Data shown >>
------------------------
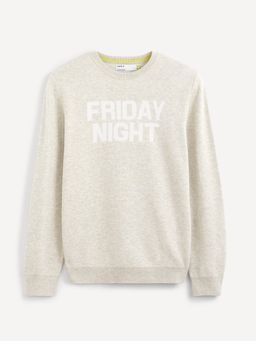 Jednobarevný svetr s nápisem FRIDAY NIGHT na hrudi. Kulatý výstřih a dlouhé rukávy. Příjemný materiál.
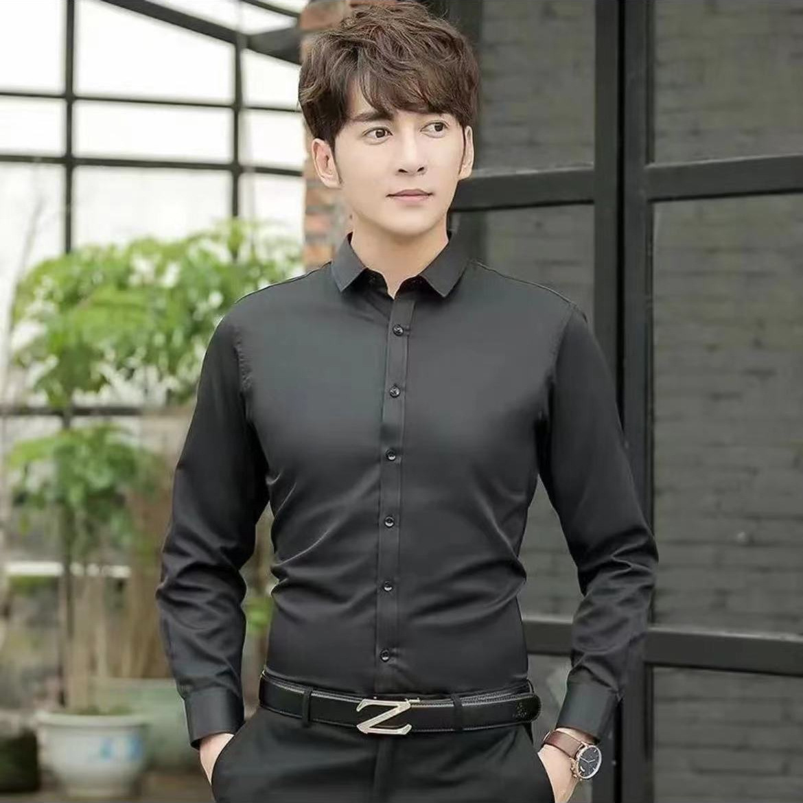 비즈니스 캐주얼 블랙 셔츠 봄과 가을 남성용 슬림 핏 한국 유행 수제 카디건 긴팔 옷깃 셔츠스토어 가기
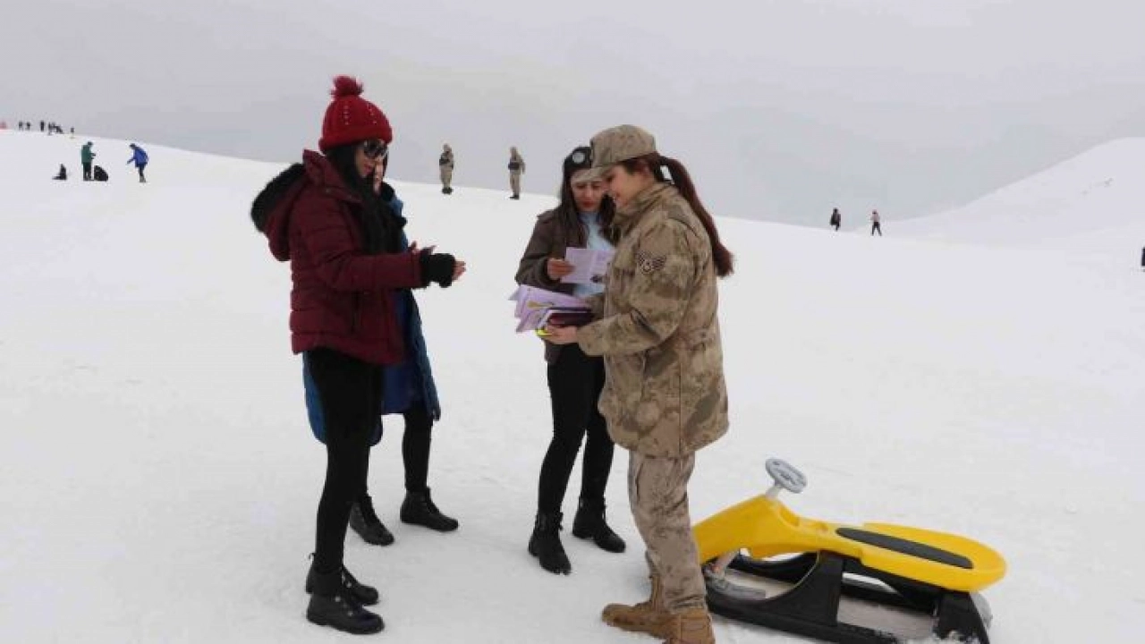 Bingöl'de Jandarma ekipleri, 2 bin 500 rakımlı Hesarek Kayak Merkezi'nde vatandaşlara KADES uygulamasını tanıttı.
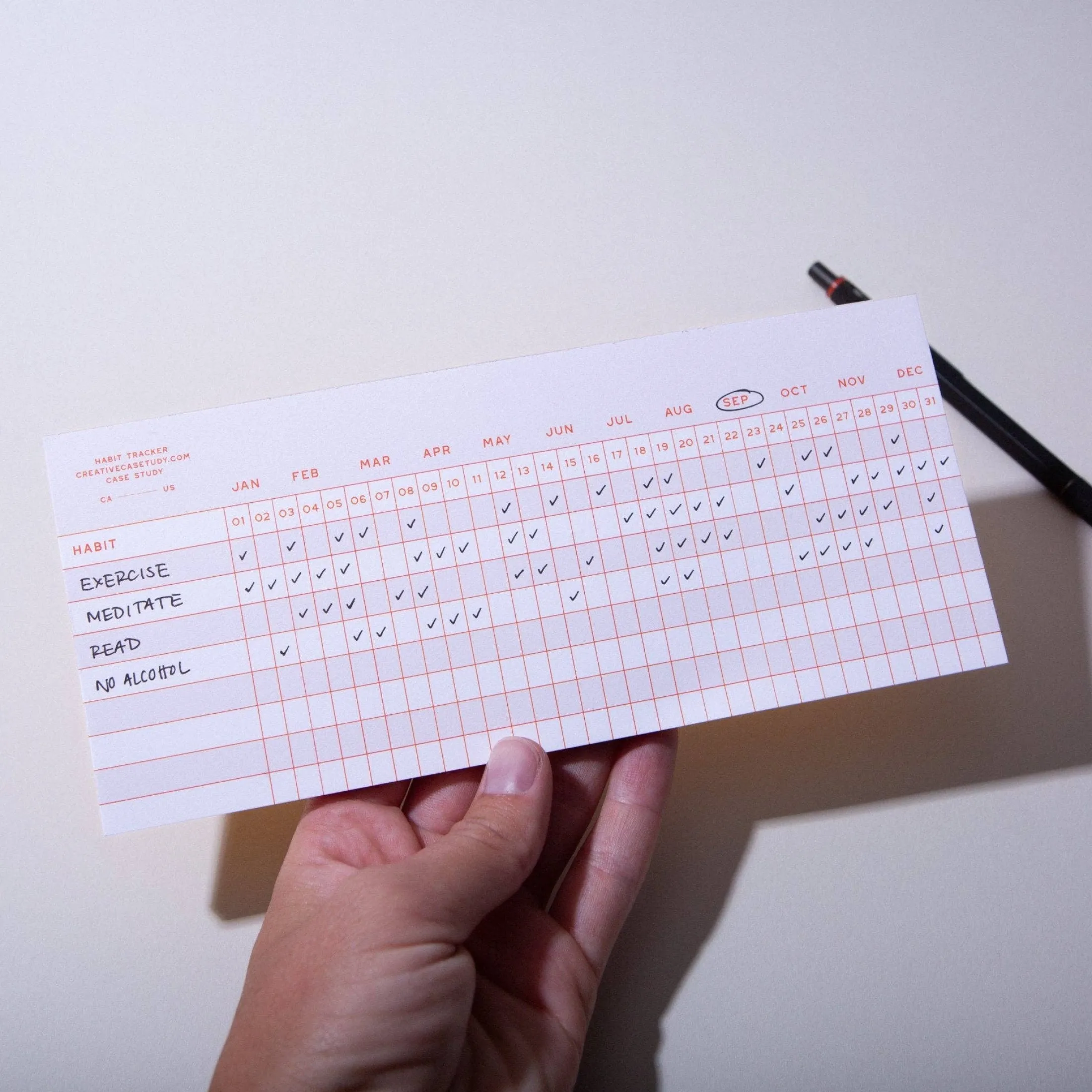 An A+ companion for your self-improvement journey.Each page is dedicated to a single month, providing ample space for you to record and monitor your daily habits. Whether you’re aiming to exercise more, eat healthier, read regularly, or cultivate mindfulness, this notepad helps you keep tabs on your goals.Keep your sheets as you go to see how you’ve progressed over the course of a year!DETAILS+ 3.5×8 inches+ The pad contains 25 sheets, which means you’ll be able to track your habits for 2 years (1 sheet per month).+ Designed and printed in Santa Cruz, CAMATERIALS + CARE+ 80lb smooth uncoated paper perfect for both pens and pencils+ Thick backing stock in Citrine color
------------------------
Prompt >> When you output the listing, reproduce it exactly but drop its pictures.

Response box >>
 Jednobarevný svetr s nápisem FRIDAY NIGHT na hrudi. Kulatý výstřih a dlouhé rukávy. Příjemný materiál.
 비즈니스 캐주얼 블랙 셔츠 봄과 가을 남성용 슬림 핏 한국 유행 수제 카디건 긴팔 옷깃 셔츠스토어 가기
 Bingöl'de Jandarma ekipleri, 2 bin 500 rakımlı Hesarek Kayak Merkezi'nde vatandaşlara KADES uygulamasını tanıttı.
 An A+ companion for your self-improvement journey.Each page is dedicated to a single month, providing ample space for you to record and monitor your daily habits. Whether you’re aiming to exercise more, eat healthier, read regularly, or cultivate mindfulness, this notepad helps you keep tabs on your goals.Keep your sheets as you go to see how you’ve progressed over the course of a year!DETAILS+ 3.5×8 inches+ The pad contains 25 sheets, which means you’ll be able to track your habits for 2 years (1 sheet per month).+ Designed and printed in Santa Cruz, CAMATERIALS + CARE+ 80lb smooth uncoated paper perfect for both pens and pencils+ Thick backing stock in Citrine color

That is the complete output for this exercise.